Calculate cindys net capital gain for current financial year : MLC 703- PRINCIPLES OF INCOME TAX LAW - Critically discuss the whether capital gains should be subject to a 50% discount. Please consider this in the context of fairness, economic efficiency, protection of government revenue and any other relevant..
What is the appropriate setup? time : Given the following information about a? product, at Phyllis? Simon's firm, what is the appropriate setup? time? Setup labor cost ?$30.00 per hour Annual holding cost ?$17 per unit Daily production 1,200 ?units/day Annual demand 29,000 Desired lot si..
What is the armature resistance ra of this machine : Assuming that the speed of rotation and magnetic flux density are constant, plot the terminal voltage of this machine as a function of the current drawn from it.
Name two materials that are good conductors of electricity : Name two materials not listed in Table that are good conductors of electricity.
Create budget model-ensuring fixed costs are hard coded : Specifically, the following critical elements must be addressed: II. Prepare and Perform. What are your fixed costs? Segregate them in the budget model. Determine how variable costs change as activity measures change. How can this information be appl..

Reviews

Write a Review

Taxation Questions & Answers

  The amount of adjustment for uncollectible accounts

An analysis of accounts receivable suggests that allowance for uncollectible accounts should be 3 percent of accounts receivable.

  Compute the amount of bears capital loss carryover to 2012

Emerald Corporation, a calendar year C corporation, was formed and began operations on July 1, 2011. The following expenses were incurred during the first tax year (July 1 through December 31, 2011) of operations.

  How much income will gramps recognize on the first payment

Gramps is 70 years old and Gram is 65 years old.
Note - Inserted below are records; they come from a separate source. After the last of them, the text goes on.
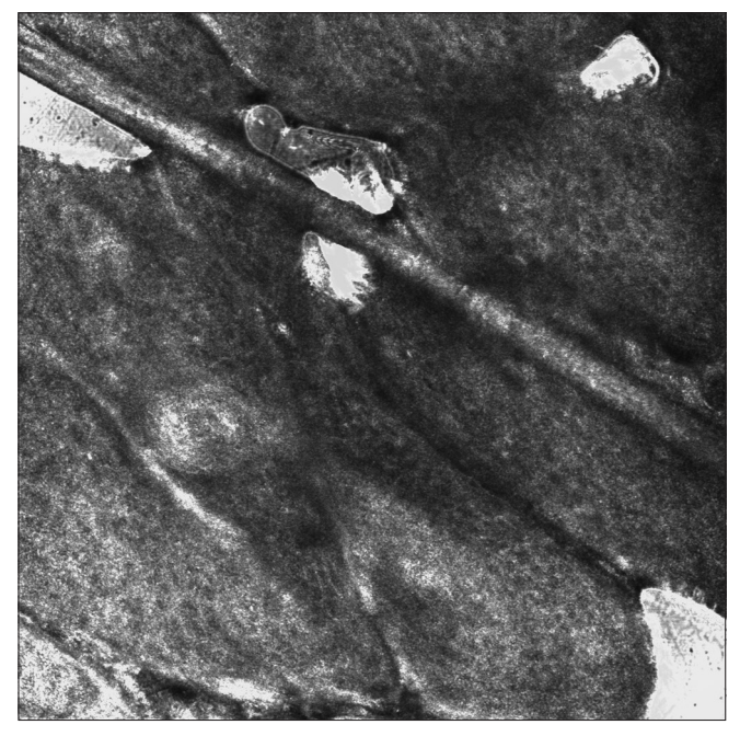
Figure 2: The image shows the low-refractive hair in the skin

NF: not found (due to unavailability of similar Japanese journals)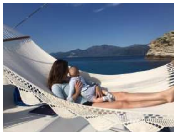
Privilège 615 Relax and comfort in the bow hammock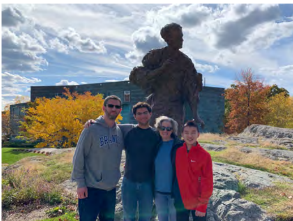
Brandeis Family Weekend 2019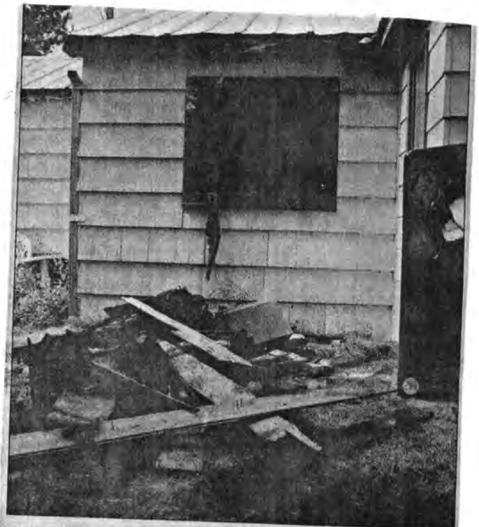
DEBRIS FROM the fire that apparently killed a man Saturday morning smolders outside the home on Rose Crossing.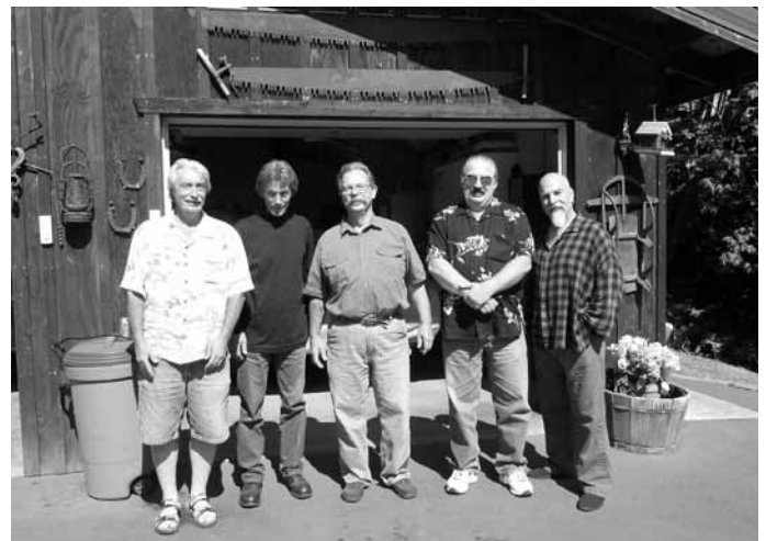
The Neurotics in 2014.

Gramps paid $97,020 for the contract. How much income will Gramps recognize on the first payment?

  A distribution of cash from the partnership

A partner may make a§754 election if the partner recognizes gain on a distribution of cash from the partnership. a. True b. False

  Prepare the necessary journal entries

Prepare the necessary journal entries for Evergreen for each of the above dates. For transactions involving the sale of merchandise, ignore the entry for the cost of goods sold

  What amount should bob offer lottery winners currently

What amount should Bob offer lottery winners currently, in order for him to be indifferent between the two choices?

  Evaluate the combined income tax rate

Evaluate the combined (state+ federal) income tax rate for XYZ company. Use this rate for evaluating after tax cash flows and evaluate the after tax cash flow for this investment. Make adjustment in the DDB depreciation charges if required in any y..

  What are the tax implications of these two alternatives

What are the tax implications of these two alternatives?

  Compare paiges current income tax

Required: Compare Paige current income tax assuming she operates the business as a proprietorship, an S corporation, and a C corporation. Ignore payroll and other taxes.

  It is now april 2012 and your client mrs k has come to you

it is now april 2012 and your client mrs. k has come to you for tax advice. mrs. k is 60 years old is married and has

  Prepare an amortization schedule

.Manufacturers Southern leased high tech electronic equipment from Edison Leasing on January 1, 2013.

  Aviss taxable income for the year is 300000 and bests

aviss taxable income for the year is 300000 and bests taxable income for the year is 425000. for each of the scenarios

Free Assignment Quote

Assured A++ Grade

Get guaranteed satisfaction & time on delivery in every assignment order you paid with us! We ensure premium quality solution document along with free turntin report!